La lutte pour l’égalité des droits des travailleurs des ESAT et contre leur exploitation dans la perspective du droit international est loin d’être terminée précisément parce qu’elle se heurte aux intérêts patronaux des puissantes associations gestionnaires qui dirigent les ESAT. Dans ce contexte, on ne peut que s’alarmer du communiqué de l’Union Fédérale d’Action Sociale de la CGT qui ne semble pas envisager autrement la défense des travailleurs du médico-social qu’en s’attaquant aux rares droits que d’autres travailleurs, parmi les plus subalternes qui soient, ont conquis de haute lutte. La rhétorique paternaliste et infantilisante de ce communiqué n’a d’ailleurs rien à envier à celle qu’a utilisée le patronat chaque fois qu’il s’est heurté aux revendications ouvrières en matière de droits du travail.

Notes

[1] « Statut des travailleurs handicapés usagers d’ESAT et milieu ordinaire dans le cadre de la société dite « inclusive »» , Communiqué de la Fédération Santé et Action sociale de la CGT, 21 février 2024.

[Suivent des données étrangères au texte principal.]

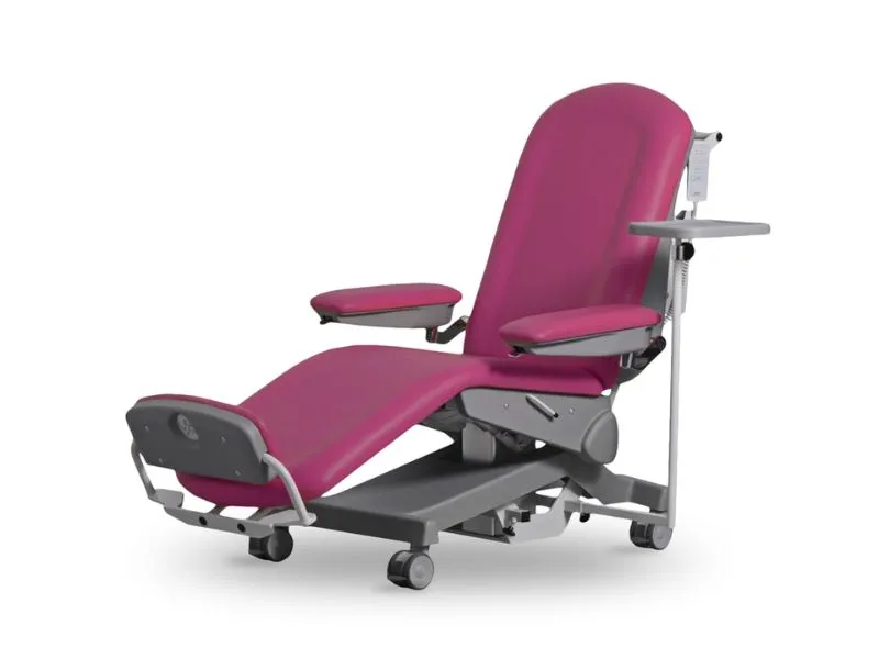 FoZa Multi to z kolei fotel dla długotrwałych terapii: dializa, chemioterapia, krwiodawstwo i krwiolecznictwo. Konstrukcja wytrzymująca 180 kg obciążenia gwarantuje niezawodność przy intensywnej eksploatacji w stacjach dializ czy centrach onkologicznych.
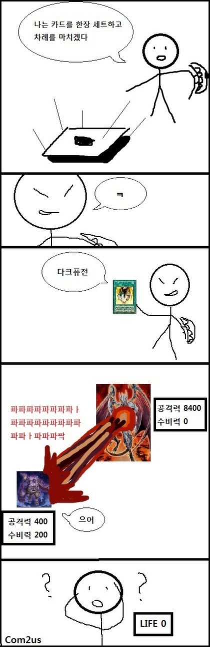 한국의 한 유희왕 온라인 유저의 만화로, 게임 내 싱글 이벤트에서 종횡무진했던 다크 가이아 원턴킬 덱을 풍자한 것이다. 결국 이 카드는 2010년 하반기부터 2012년 유희왕 온라인의 서비스가 종료될 때까지 '''금지''' 자리를 굳게 지켰다. 다만 1가지 오류가 있다면, 거대화를 쓰지 않는 이상 저 시점에서 공격력 8400은 못 만든다. 이 카드의 높은 공격력으로 LP 8000을 단번에 깎아버려 원턴킬이 난다는 걸 보여주기 위해 적당히 지은 수치.
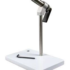 After fielding many requests for an inexpensive, yet durable and functional non-rotary vise, PEAK has taken our design principles and applied them to this new and exciting tool. The PEAK non-Rotary vise uses the same clamping system as the tried and true PEAK Rotary Vise. The base is slightly smaller and lighter in weight than the Rotary Vise, making this item a must have if you need a light weight travel vise. The base has the durable white powder coat finish that we’re known for, and it still disassembles and packs flat for ease of transport. This base also includes an additional hole for our accessory shaft (not included) and all PEAK accessories except our material clip will work with the non-Rotary vise. As with the Rotary Vise, optional midge and saltwater jaws are available for the PEAK non-Rotary Vise (jaws for the Rotary Vise and non-Rotary Vise are not interchangeable). The PEAK non-Rotary vise will fit our C-Clamp option but is only sold with the pedestal base.
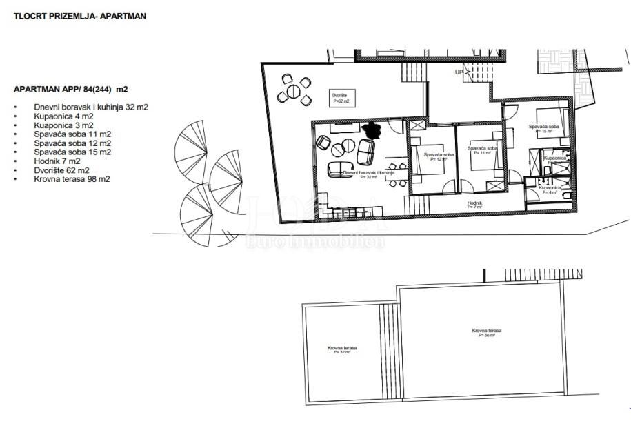 Najveći adut nekretnine je prostrana krovna terasa s ljetnom kuhinjom, pečenjarom i dnevnim boravkom na otvorenom – savršeno mjesto za uživanje u zalascima sunca, druženjima i opuštanju tijekom toplih mjeseci.
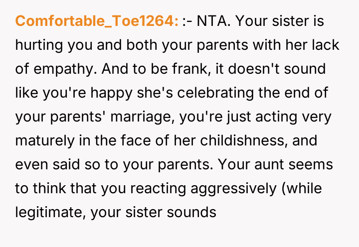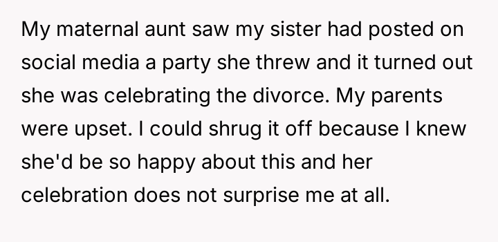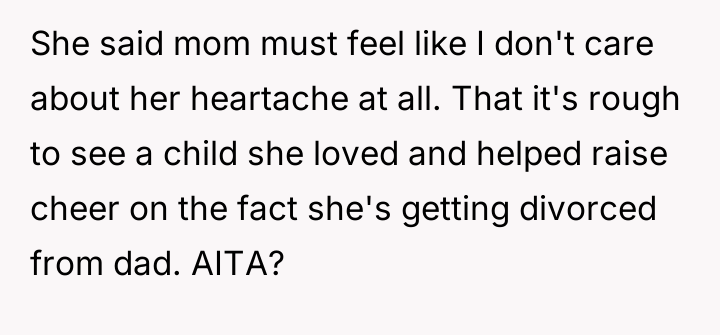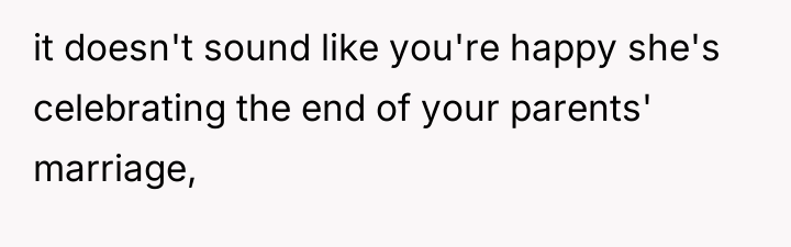 AITA for not making a bigger deal out of my half sister celebrating the end of my parents marriage?
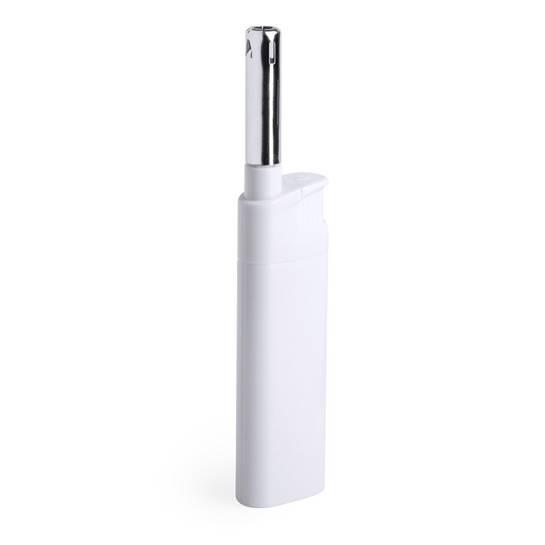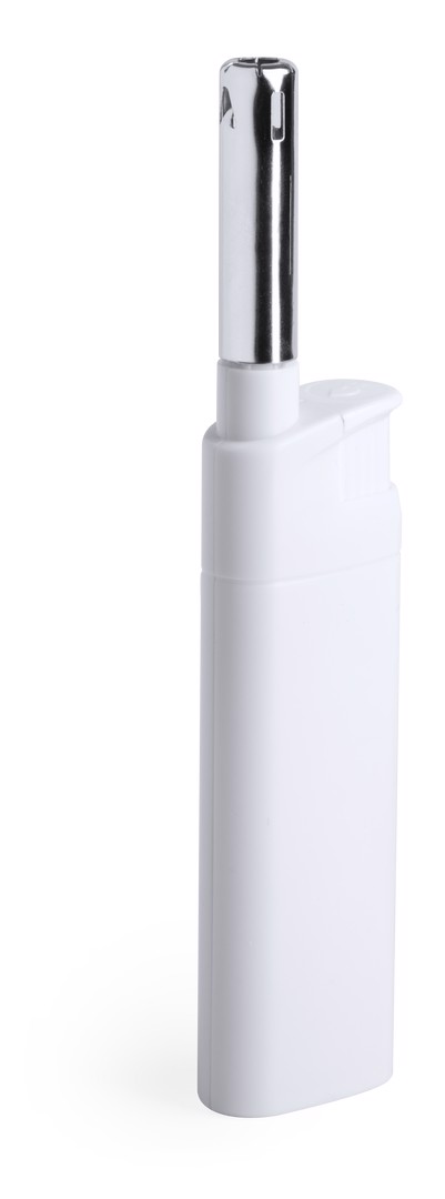 Kitchen, rechargeable gas lighter with electric mechanism. Available in black and white color, with flame regulator and child protection. Refillable
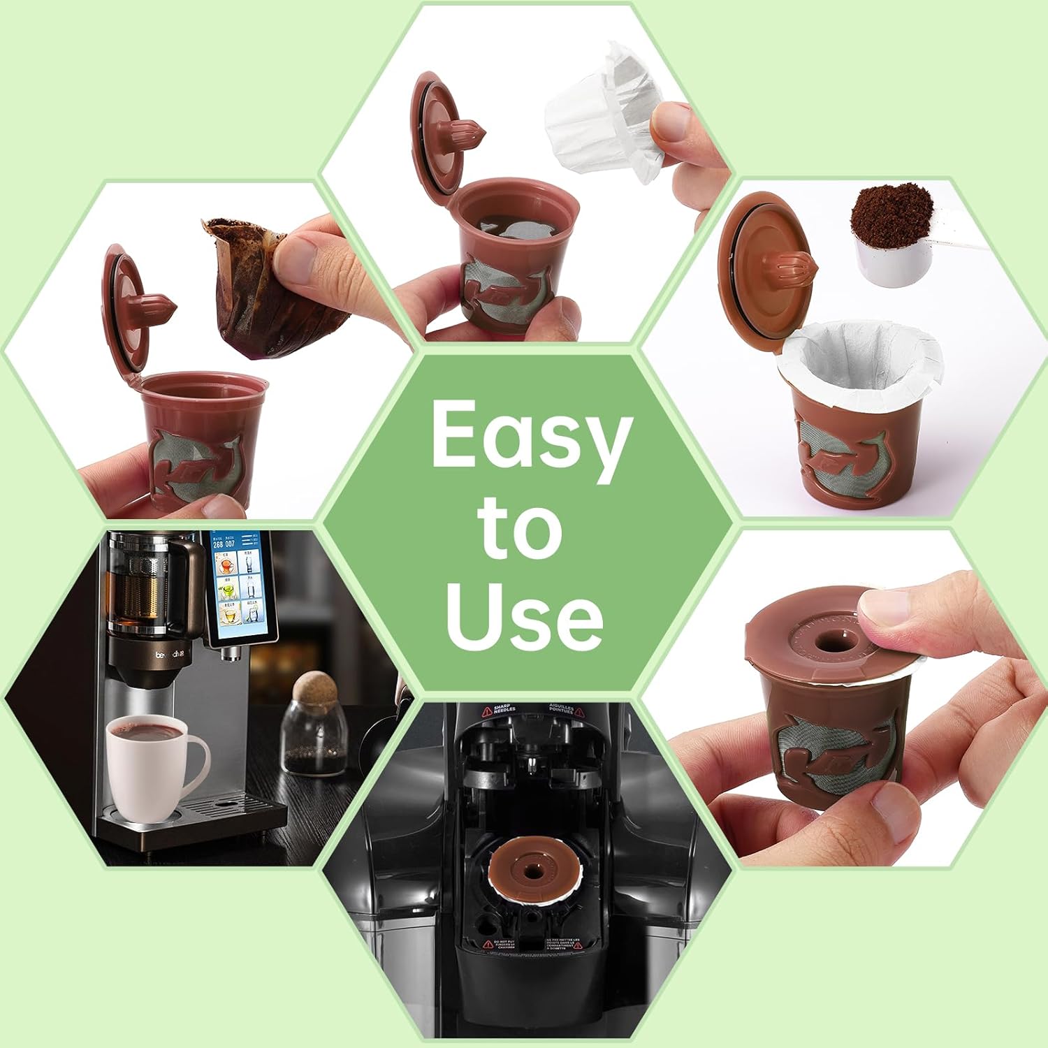 - 【Efficient and Time-saving morning】: Simply insert filter in reusable keuig cups, tuck keurg filter under hinge, fill with coffee and brew! All you have to do is simply flip the keurg cups and discard the paper filter when finished. Make multiple cups in a row without needing to wash your reusable cup between uses. Time saving and enjoy more cups of coffee at the hurried morning

[2] Rapport d’information n° 409 de M. Éric BOCQUET fait au nom de la commission des finances du Sénat, déposé le 15 avril 2015

[3] L’allocation de solidarité aux personnes âgées qui a remplacé le minimum vieillesse est toujours située en-dessous du seuil de pauvreté et elle est par ailleurs conjugalisée.

[4] À l’heure où le gouvernement ne cesse de multiplier les mesures coercitives pour contraindre les bénéficiaires des minima sociaux en déclinant, sur le même schéma que le statut d’usager, des statuts dérogatoires au droit du travail comme le contrat d’emploi pénitentiaire ou le nouveau contrat d’engagement  assujettissant les bénéficiaires du RSA à 15h d’activité hebdomadaire, défendre ce genre de posture revient à conforter le narratif dominant sur « l’inclusion » ou l’insertion par le travail des groupe minorisés.

[5] BAS Jérôme, « Des paralysés étudiants aux handicapés méchants. La contribution des mouvements contestataires à l’unité de la catégorie de handicap », Genèses, 2017/2 (n° 107), p. 56-81 ; MORIN Cécile, Le travail comme terrain de luttes politiques des personnes handicapées, 20 décembre 2018.

[6] « Lettre ouverte à la première ministre sur le statut des travailleurs·euses en ESAT » , 4 janvier 2024.

[7] Convention de l’ONU relative aux droits des personnes handicapées.

[8] Arrêt N°C‑316/13 de la Cour de Justice de l’Union Européenne du 26 mars 2015.